Within these low single-digit revenue rises there were some outliers. The all-flash array annual run rate rose to an all-time high of $4.1 billion, up 14 percent. This was faster growth than Pure, which registered a 12.2 percent rise to $778.5 million in its latest results. There was a record (GAAP) operating margin of 20 percent for the full year, record full year billings of $6.78 billion and record first-party and marketplace Public Cloud services revenue of $416 million in the year, up 43 percent annually.

CEO George Kurian stated: “Fiscal Year 2025 marked many revenue and profitability records, driven by significant market share gains in all-flash storage and accelerating growth in our first party and marketplace storage services. …We are starting fiscal year 2026 following a year of market share gains, armed with the strongest portfolio in the company’s history and a differentiated value proposition that addresses customers’ top priorities. Looking ahead, I am confident our continued innovation and market expansion will drive sustainable long-term growth.”

Fy2025 revenues of $6.57 billion beat fy2014’s and fy2013’s $6.33 billion. It’s taken NetApp 11 years to match and beat these high points.

Wissam Jabre has been hired as NetApp’s new CFO, coming from being Western Digital’s CFO before the splitting off of Sandisk. Prior NetApp CFO Mike Berry retired but then joined MongoDB as its CFO.

Quarterly financial summary

  • Gross margin: 69.5 percent, up 0.2 percent year-over-year
  • Operating cash flow: $675 million vs year-ago $613 million
  • Free cash flow: $640 million vs $567 million last year
  • Cash, cash equivalents, and investments: $3.85 billion vs prior quarter’s $1.52 billion
  • EPS: $1.65 v $1.37 a year ago
  • Share repurchases and dividends: $355 million vs prior quarters $306 million

NetApp’s two major business segments are hybrid cloud, with $1.57 billion in revenues for the quarter, up 3.2 percent, and public cloud at $164 million, up 7.9 percent.

NetApp said it increased market share, gaining almost 300 basis points in the all-flash market and almost 1-point in the block storage market in calendar 2024. 

Looking ahead Kurian said in the earnings call: “I believe that we’ve now reached an inflection point where the growth of all-flash systems and public cloud services, reinforced by the ongoing development of the AI market, will drive sustained top-line growth. …Looking ahead, we expect these growth drivers, along with our laser focus, prioritized investments, and robust execution, to deliver more company records in fiscal year 2026 and beyond.”

+Comment

A look at NetApp’s revenue history shows that, in the recent past, it has only been able to sustain growth for about two years before declining:

Can it break this pattern moving forward? 

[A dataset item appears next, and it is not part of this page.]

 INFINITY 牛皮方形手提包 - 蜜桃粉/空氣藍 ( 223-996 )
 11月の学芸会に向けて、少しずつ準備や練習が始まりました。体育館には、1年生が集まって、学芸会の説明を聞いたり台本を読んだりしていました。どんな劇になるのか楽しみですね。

It reduced its workforce in April, indicating somewhat starightened trading circumstances. Kurian commented: “The global macro-economic outlook faces mixed signals with a general slowdown in growth, lingering inflation concerns, and a significantly higher level of uncertainty. Looking ahead, we expect some increased spending caution, as well as on-going friction in U.S. Public Sector and EMEA. We are incorporating an appropriate layer of caution in our outlook due to these factors.”

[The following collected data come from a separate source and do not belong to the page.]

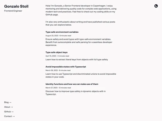 Gonzalo Stoll's blog is a personal blog built with Remix, Typescript, and Tailwind. It utilizes various tools and technologies such as Zod, Playwright, and Vercel for development and deployment.
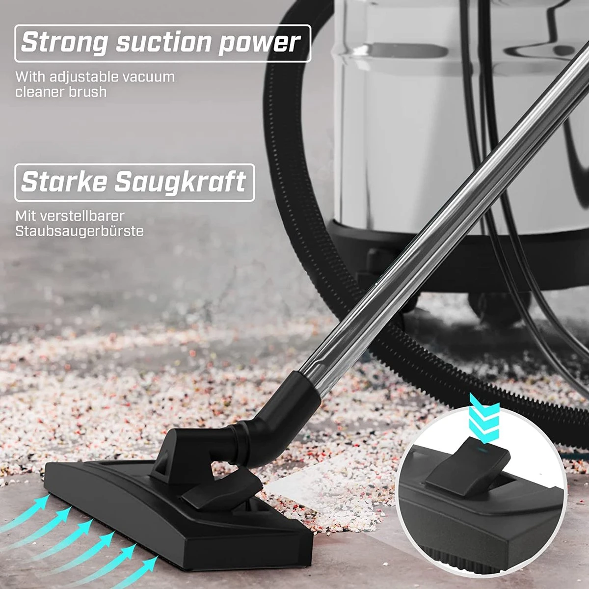 | Contenu de l'emballage | 1x Timbertech – Aspirateur industriel, 2300 W – 30L avec fonction soufflerie – 3 filtres – Conteneurs en acier inoxydable – aspirateur eau/poussière – aspirateur multifonction – bleu |
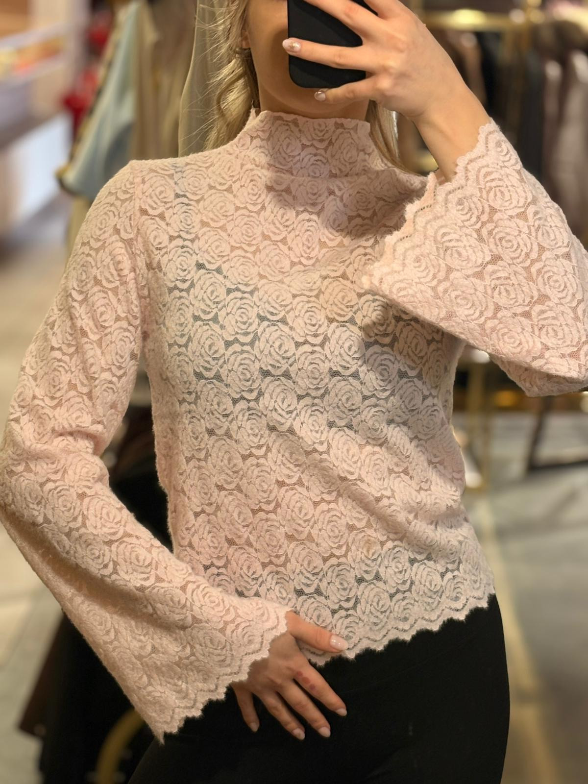 lekko przeźroczystego, posiada również lekko rozszerzane rękawy,

The revenue outlook for the first fy2026 quarter reflects this caution, being $1.53 billion +/- $75 million; an 0.7 percent decrease Y/Y at the mid-point.

Full fy2026 revenues are being guided to $6.75 billion +/-$125 million, and a 2.73 percent on the fy2025 number at the mid-point. It is a rise though, with Kurian saying: “We are currently negotiating sizable AI and data infrastructure modernization deals with multiple large enterprises, which we expect to close later in the year. This gives us confidence in our full-year outlook.”

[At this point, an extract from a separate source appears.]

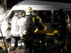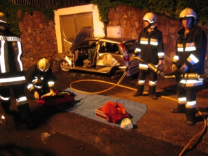 Am Samstag, den 14.08.2010 gegen 1.00 Uhr ist diese Berufsfeuerwehr zunächst von der Landesnotrufzentrale zu einem schweren Verkehrsunfall nach Blumau alarmiert worden. Ein PKW des Typs Fiat Punto geriet dort kurz vor der Einfahrt in die Ortschaft, aus bisher ungeklärten Gründen ins Schleudern und prallte in die Zufahrtstore der sich dort befindlichen Pumpstation der Gemeinde. Die beiden Insassen verletzen sich dabei mittelschwer bis schwer und wurden mit hydraulischen Rettungsgeräten in Zusammenarbeit mit der Freiwilligen Feuerwehr Kardaun befreit. Die Staatsstraße blieb bis zum Ende der Arbeiten in beiden Richtungen für ca. 1 Stunde gesperrt. Gegen ca. 4:30 wurden wir schließlich auf die Südspur der Autobahn A22 zwischen Bozen Nord und Bozen Süd, kurz vor der Einfahrt in den Virgeltunnel, gerufen, nachdem ein Kleinbus mit polnischen Kennzeichen auf einen Sattelschlepper aus der Slowakei, wiederum aus noch nicht geklärten Umständen, aufgefahren war. Die 5 Insassen wurden dabei schwerstens eingeklemmt und konnten nur mit hydraulischen Rettungsgeräten befreit werden. Auch hier mußte die komplette Südspur für ca. 1,5 Stunden gesperrt werden. Die Rettungsaktion gestaltete sich als schwierig, da der Kleinbus zusätzlich im Hinterbereich große Mengen an Reisegepäck geladen hatte, welches ungesichert durch den Aufprall nach vorne rutschte und die Insassen auf kleinstem Raum einquetschte. Im Einsatz waren neben dieser Berufsfeuerwehr ausserdem auch noch folgende Organisationen: Mehrere Rettungswagen des Weissen und Roten Kreuzes, Notärzte aus Bozen und Brixen, die Freiwilligen Feuerwehren von Klausen und Kardaun, sowie Strassenpolizei und Straßenmeisterei der Autobahn.

William Blair analyst Jason Ader thought it was a solid fourth quarter but said the guidance was disappointing. He said: “Management noted that the guidance factors in 1) the impact from the divestiture of the Spot by NetApp business, which contributed roughly $95 million in annual sales; and 2) greater spending caution due to continued macroeconomic uncertainty, including slower growth signals, inflation concerns, tariff risk (albeit modest impact), and ongoing demand friction in the US federal sector (approximately 10 percent of sales) and EMEA region (particularly in the European manufacturing vertical).”